Wojciech Weigl1, Andrzej Bieryło, Swietlana Krzemień-Wiczyńska, Ewa Mayzner-Zawadzka.   

Abstract

BACKGROUND: Various opioids have been recommended for spinal anaesthesia during Caesarean section. The aim of this prospective randomized, double-blind study was to compare the quality of postoperative analgesia and adverse effects after intrathecal administration of 0.5% hyperbaric bupivacaine (HB) combined with either morphine or fentanyl.
METHODS: Sixty parturients were randomly allocated to receive intrathecally, 7.5-15 mg of HB with either 25 microg fentanyl (group F), or 100 microg morphine (group M). All women received 100 mg ketoprofen at 2 and 14 h after surgery, and 1.0 g paracetamol at 2, 8, 14 and 20 h after surgery. Additionally, meperidine was offered as a rescue analgesic via patient-controlled analgesia (PCA). During the first 24 h after surgery, pain intensity was evaluated using a VAS score, meperidine consumption was noted, and possible side effects were assessed.

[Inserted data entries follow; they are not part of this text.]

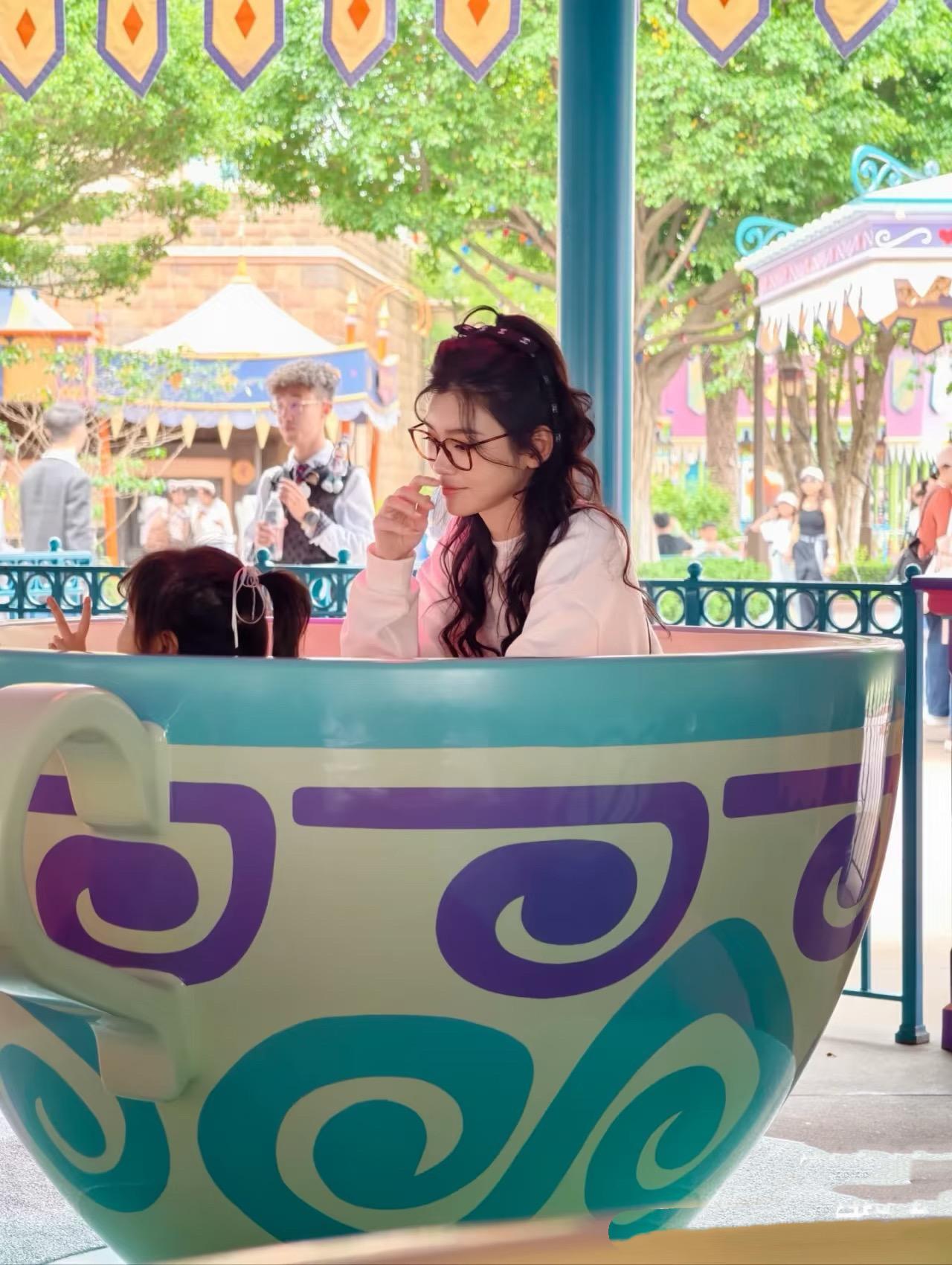 11月2日,是奚夢瑤和何猷君4歲女兒的生日,他們一家人約着朋友到迪士尼玩耍。奚夢瑤打扮的很青春,很甜美。
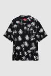 D's Damat Ds Damat Relaxed Siyah Desenli Palmiye Desenli Kısa Kollu Yazlık Viskon Gömlek
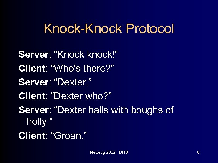 Knock-Knock Protocol Server: “Knock knock!” Client: “Who's there? ” Server: “Dexter. ” Client: “Dexter who? ” Server: “Dexter halls with boughs of holly. ” Client: “Groan. ” Netprog 2002 DNS 6

RESULTS: Mean PCA meperidine consumption was 47 mg and 130 mg, for groups M and F, respectively. Intrathecal morphine significantly prolonged the time to first PCA use, when compared to fentanyl. The mean VAS score was lower in group M. Pruritus was more frequently observed in group M. There was no significant difference in the incidence of postoperative nausea and vomiting between both groups.
CONCLUSIONS: Both intrathecal morphine and fentanyl significantly reduced the intensity of postoperative pain. Morphine increased the duration of postoperative analgesia and reduced the demand for rescue meperidine.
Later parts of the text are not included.